Monday’s through Wednesday’s were largely spent away from the office under the guise of “covering” our beats–often we’d stroll into work at 9, drop our stuff off and head to the neighboring coffee shop, shoot the shit and chain smoke for a couple of hours, then D would inevitably reveal that his dad had leftover fajitas at his house and it was about lunchtime. We’d head to “pop’s” house, eat, then head back to the office for a couple of hours then call it a day. The pay was crap, we had no medical or dental, but for me it was an ok stopgap until I figured out what I was gonna do with my goddamn life.

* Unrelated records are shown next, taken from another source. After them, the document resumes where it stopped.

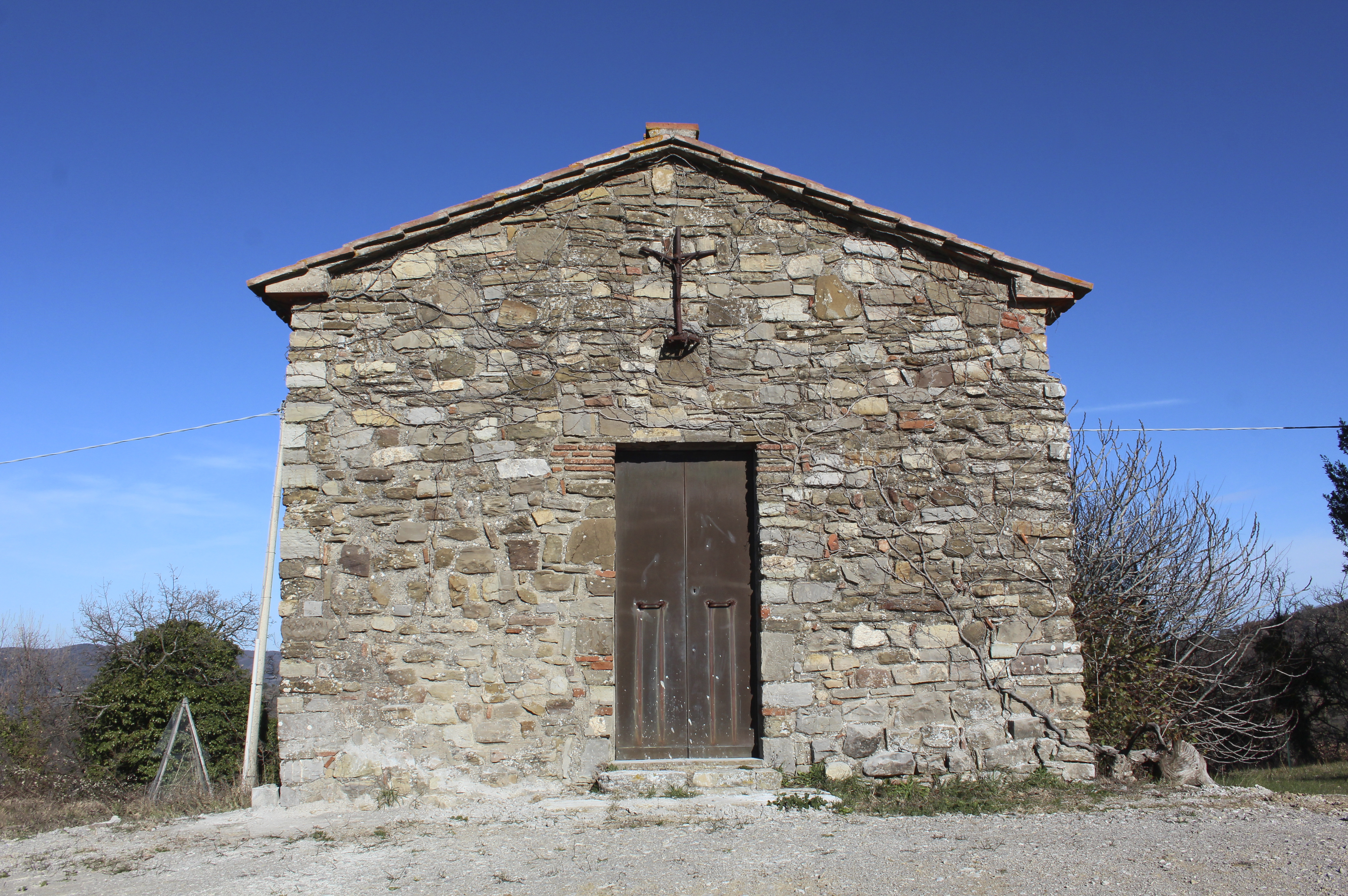 Church San Pietro, Vignanie, hamlet of Piegaro, Province of Perugia, Umbria, Italy
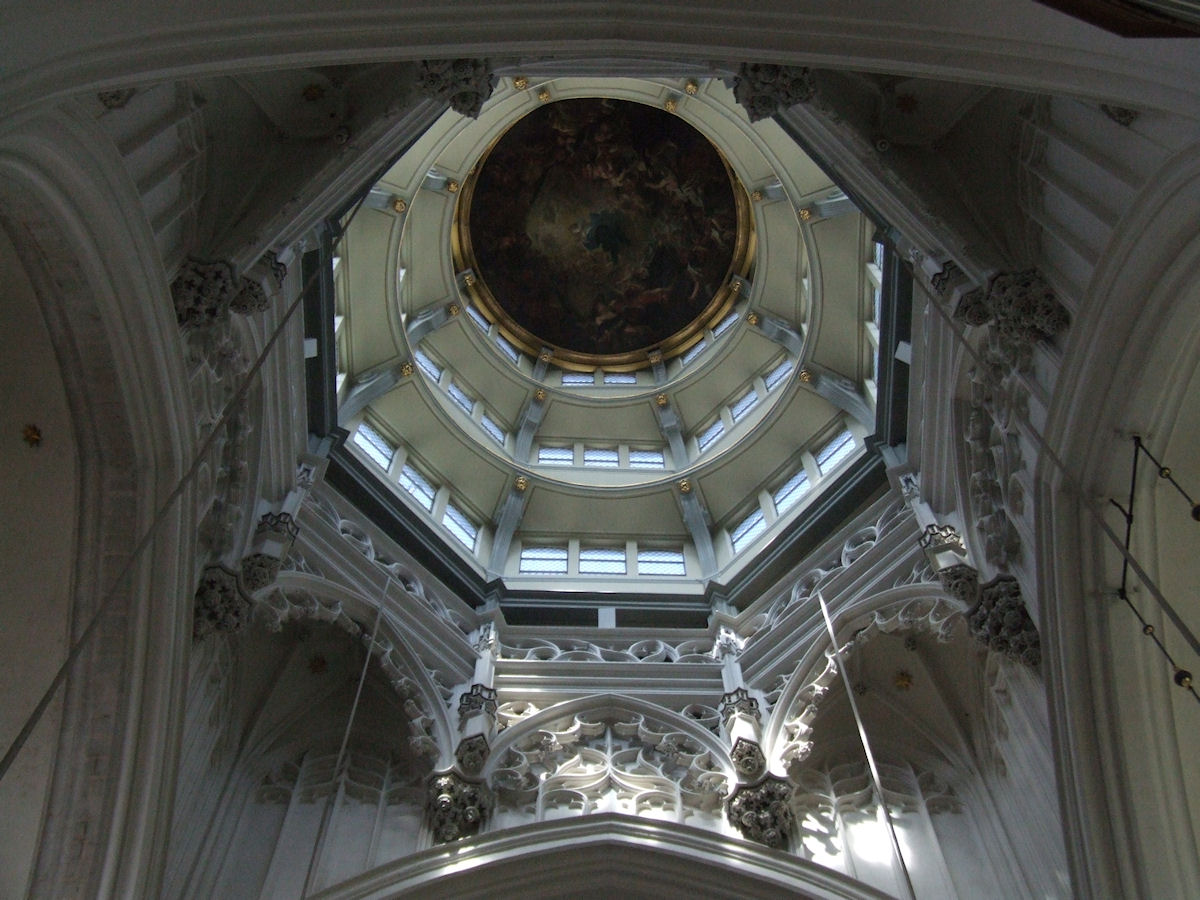 Cathedral of Our Lady, Antwerp, Belgium
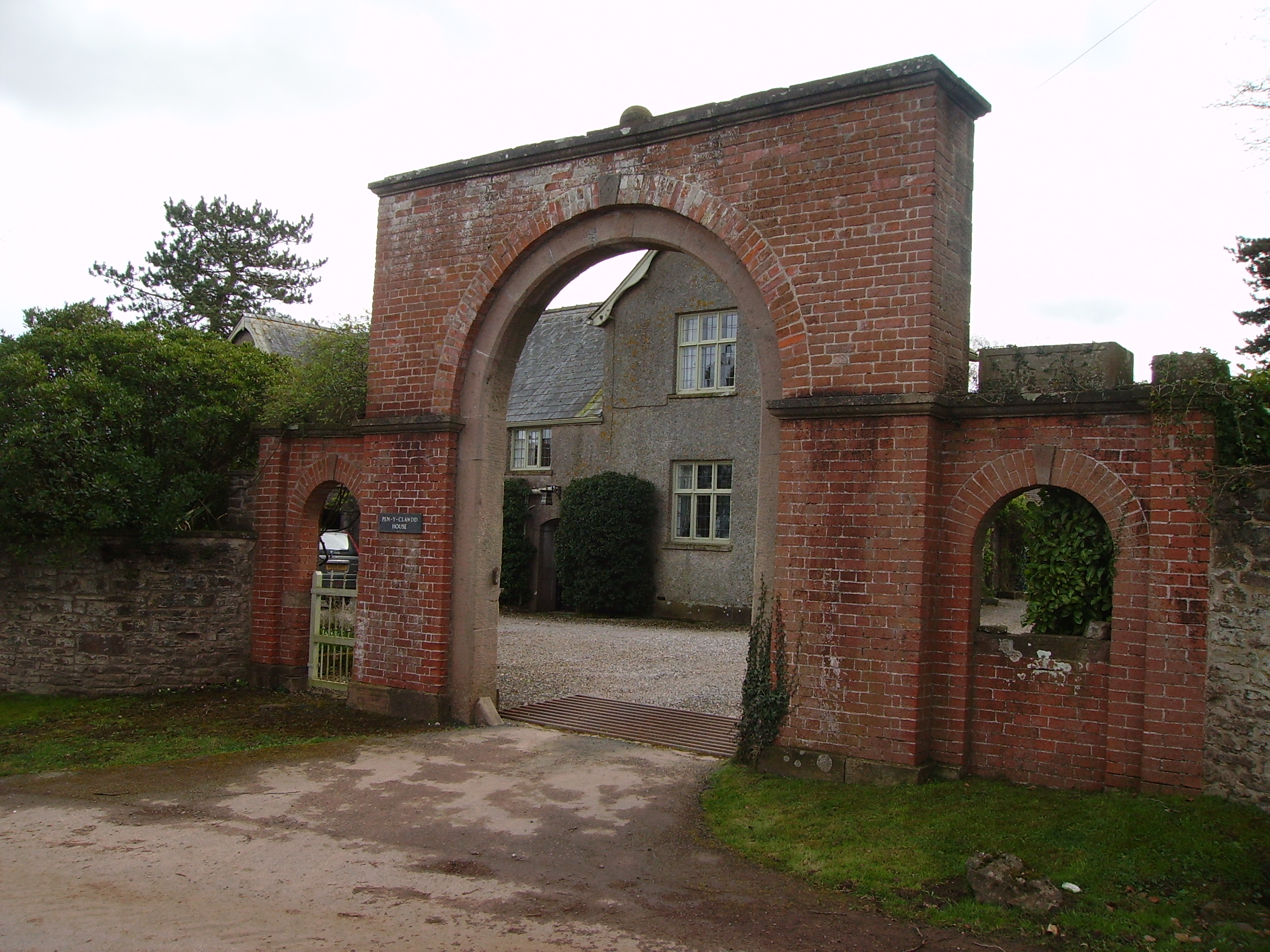 Pen-y-clawdd House, Monmouthshire
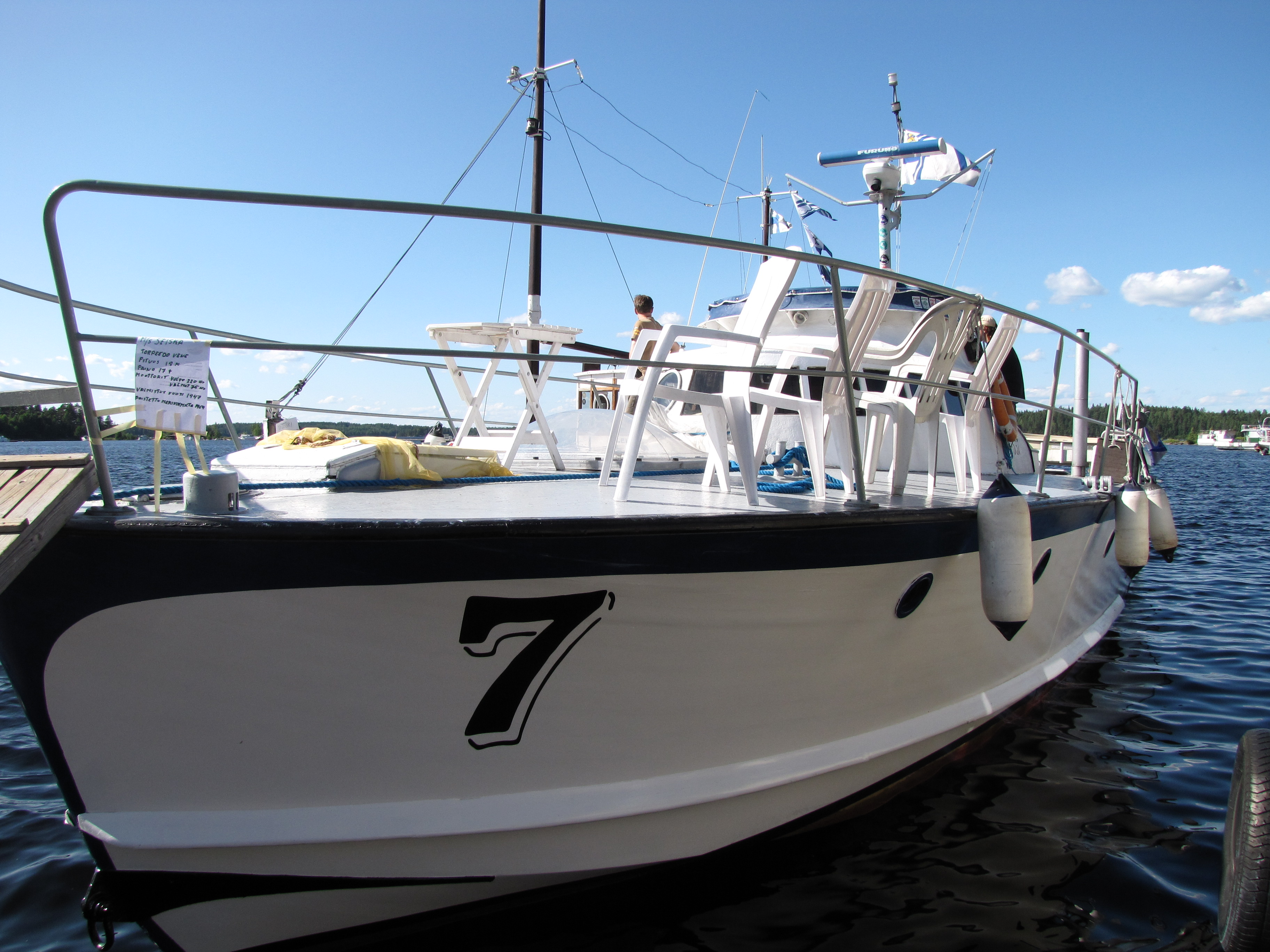 Seiska, former Finnish navy motor torpedo boat Taisto 7 in heritage ship meeting in Imatra 2009.
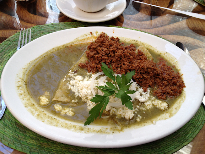 Tortilla Enchilada with Tlaxiaco Chorizo, in Tlaxiaco, Oaxaca, Mexico

But Thursdays…holy shit. Thursday was when we went to print–invariably I would be up until 2 or 3 in the morning finishing that week’s stories, get a few hours of sleep, then head to the office at 6:45 to grind everything out. Morning panic–last minute edits, a ghost story that was “assigned” to one of us that neither of us remembered because it never fucking happened, and layout.

So again, it’s 2008–we were still literally cutting and pasting print onto a layout board. Making space for ads. Changing our ledes or headlines. It was so rushed that D and I would only take one morning smoke break as opposed to our usual 4. Double checking sources and quotes that we literally had saved onto our tape recorders but, fuck us, right?

Finally, we’d go to print sometime around 11AM or noon.

“Lunch?”

“Let’s do this.”

We’d proceed to pick up Jack in the Box, head to D’s, then start eating and drinking for the rest of the day. Friday’s were a wash where we’d get next week’s assignments from our boss while trying to keep from falling asleep, then completely check out for the rest of the day.

I think back to that point in my life with a melancholy fondness. Saudade is what it’s called in Portuguese. My family life was at peak complication for various reasons, but we were also very close. This was about the time I started really hitting the craft beers–every Saturday or Sunday we’d cook fajitas or steaks on the grill. What was once my dad’s grill was now mine after my parent’s divorce, so I took over grilling duties. It was my time to sit outside, blast my post-rock, and drink my beer. My mom would buy the meat and I’d go and buy the beer. At the time I was heavily invested in Pyramid’s Hefeweizen.

This Hi-Res brings back those memories–that sweetness that hits the front of your tongue while you look out over a sunny day. I would drive to the HEB on north Trenton because they had an excellent beer selection, then I’d drive through the surrounding neighborhoods looking at houses that I liked. Picturing myself living in them, inviting my mom and sister over on weekends, my dad on alternate weekends. Cookouts with the family are ingrained in me and it’s something I’ve sorely lacked while living in Indiana these past six years.

I still like looking at houses. I still envision a place that will actually be mine. And it’s still a warm feeling.